The whole point of this, is to show that in this game - there are some instances in which it is clearly more favorable to perform "Action A" and some instances in which it is clearly more favorable to perform "Action B"

I tried to imagine the following situation:

  • Player 1 always starts the game
  • Players take turns rolling a 6 sided die (singular of "dice"). Player 1 rolls, Player 2 rolls, Player 1 rolls, Player 2 rolls, etc.
  • For example, Player 1 first turn = 4, Player 1 second turn = 6, Player 1 third turn = 5 : Player 1 Current Score = 4 + 6 + 5 = 15
  • The first roll for Player 1 is kept hidden from Player 2 and the first roll of Player 2 is kept hidden from Player 1
  • A player wins the game when the sum of all rolls that he has made is exactly "25"
  • A player looses if his sum is more than "25".
  • If both players have exactly "25", they "tie", and if both players go over "25" they both tie.
  • At any time, a player can decide to "hold" - for instance, the sum of all previous rolls for Player 1 might be "22". Player 1 might decide it's too risky to continue playing for a perfect score of "25" and decides to "hold" and can not roll anymore - in this case Player 2 gets to keep rolling until Player 2 decides to "hold"
  • When both players are done, they reveal their first roll to each other : the player with the closest sum to 25 wins and any player with a sum over 25 automatically loses.
  • Players have the ability to "bluff" - for instance, a player might have rolled over 25, but he can keep rolling and give the other player the impression that his first roll was a low number (e.g. "1"), and is still not eliminated and trying to get close to 25. This might "trick" the other player to incurring extra risk by continuing to roll and end up losing.

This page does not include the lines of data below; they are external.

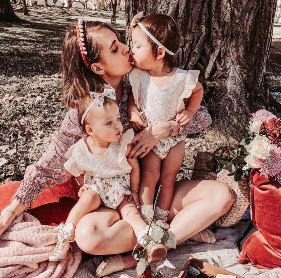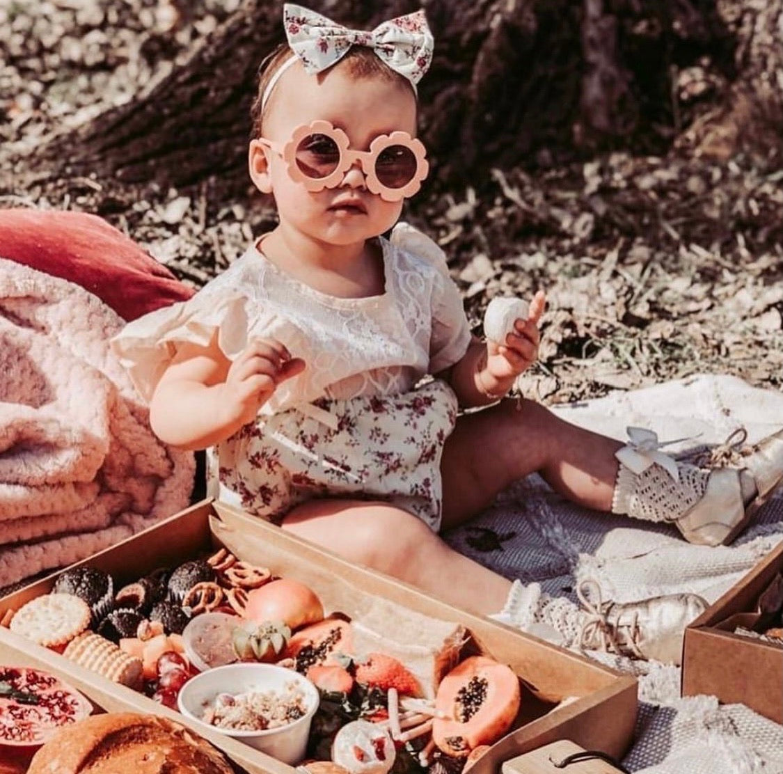 Cream fabric, lace and florals make up this super cute romper. It has a lovely floral print and comes with a matching headband.
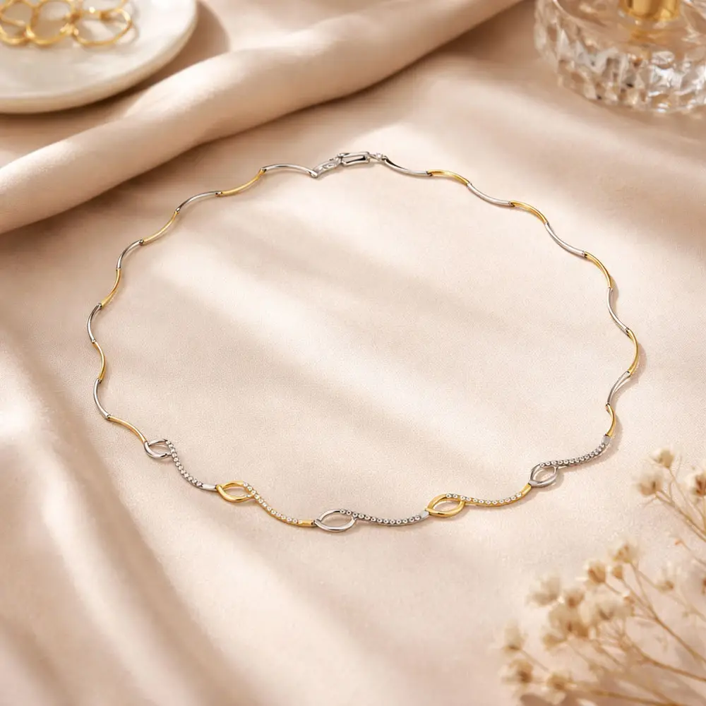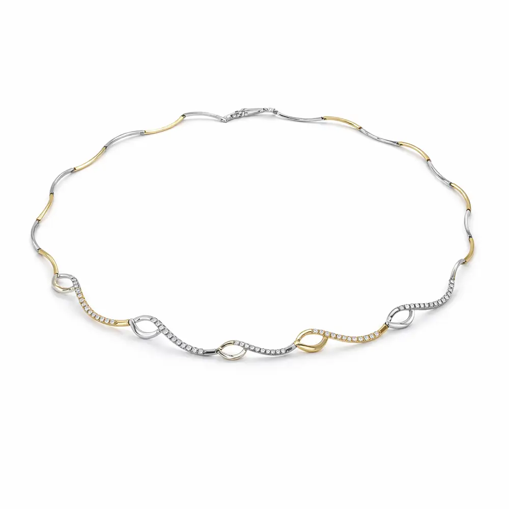 This elegant two-tone gold necklace impresses with a harmonious combination of yellow and white gold, complemented by delicately set zirconia stones. The flowing, wave-inspired links create a refined and modern look, while the zirconia subtly reflect light, enhancing the necklace’s luxurious character without appearing excessive.
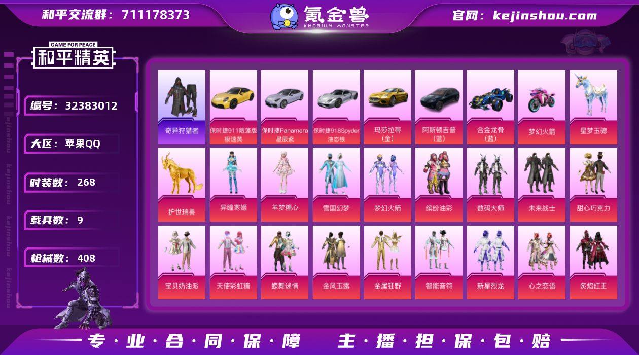 IOS 极品号 王牌印记18 热力值14w 小金鞋 玛莎拉蒂MC20星石白 玛莎拉蒂Ghibli粉 赤兔 照夜玉狮子 合金龙骨蓝 幽焰风驰摩托车 越野奶龙龙 满级SCARL天蓬元帅 满级M416心之恋语 满级UMP45相思残雪 满级AKM梦之光华 满级Mini14绚金玫瑰 洛天依 雪国梦幻 紫螳螂 第五大道 星之彼岸 放客神游 梦幻火箭 宝贝奶油派 粉螳螂 蓝螳螂 动感兔斯基人偶服 雪山精英 深海小丑鱼 迅捷狂鲨 小丑鱼 暗影哥特 派对舞王 浪漫天命 漫步者 【8载具 30粉装 18特效枪】玩偶服猪猪侠 羊梦糖心 桃源时光 星穹咏叹调 蜜语绒猫 莲影清波 星云暗核 拂晓神骑 呆萌星弥 小可学妹 超级赛亚人孙悟空 暗夜鎏金 旋转彩虹 复仇流浪者 寒光使者 酣梦娃娃 彩虹鹿灵 山涧鹿灵 相思残雪 俏皮狐尾 金风玉露 蝶舞迷情 银河战甲 满级破片手榴弹秋玉花灯 满级烟雾弹电雾迷城 满级DP28豹影疾电 满级98K巳巳如意 6级MG3酷泡奶龙 3级SCARL金蛇镇世 3级M416女娲灵识 3级GROZA精灵之光 2级AWM天使羽翼 1级M16A4垂柳戏鸭 1级M417第五大道 1级DP28圣堂之誓 1级SPAS12蜜语绒猫 270套装 387枪械 2B战斗服款 卖崽青蛙 短笛 月影鸳鸯 梦之呓语 好奇恐龙 夜瞳黯灵 狂花道雅典娜 都市丽猫 临安公主 星际旅行 舰行太空 2P战斗服款 忠真马岱 忠义严颜 湖雨初晴 多纳泰罗 达芬奇 粉雾星云 情公主 冰公主 军刀雅典娜 英勇保护者 魔力冰咖 诡夜天鹅 暗夜傀儡 暗夜魅影 K23419 和平买号找回永久包赔带二次营地ID:50598060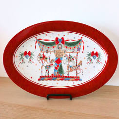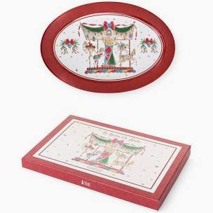 Trasforma la tua tavola natalizia con il piatto da portata Nuvole di Stoffa Giostra, un'opera di ceramica decorata che cattura l'incanto delle festività. Con le sue dimensioni generose di 35x23,5 cm, è ideale per presentare dolci, antipasti e biscotti con stile. I motivi delicati ispirati alle giostre regalano un fascino retrò e artigianale, perfetto per chi apprezza i dettagli raffinati e l'eleganza romantica. Presentato in una scatola regalo coordinata, diventa il dono perfetto per sorprendere chi ama la bellezza autentica e lo stile senza tempo.

In the above game, "Action A" could be to "keep rolling" and "Action B" could be to "hold".

I would like to analyze this game using Game Theory - for instance:

  • Suppose I write a computer simulation in which this game is randomly played 1000 times
  • For the sake of the simulation, let's assume that a player can choose to "continue" with probability 0.5 and "hold" with probability 0.5 .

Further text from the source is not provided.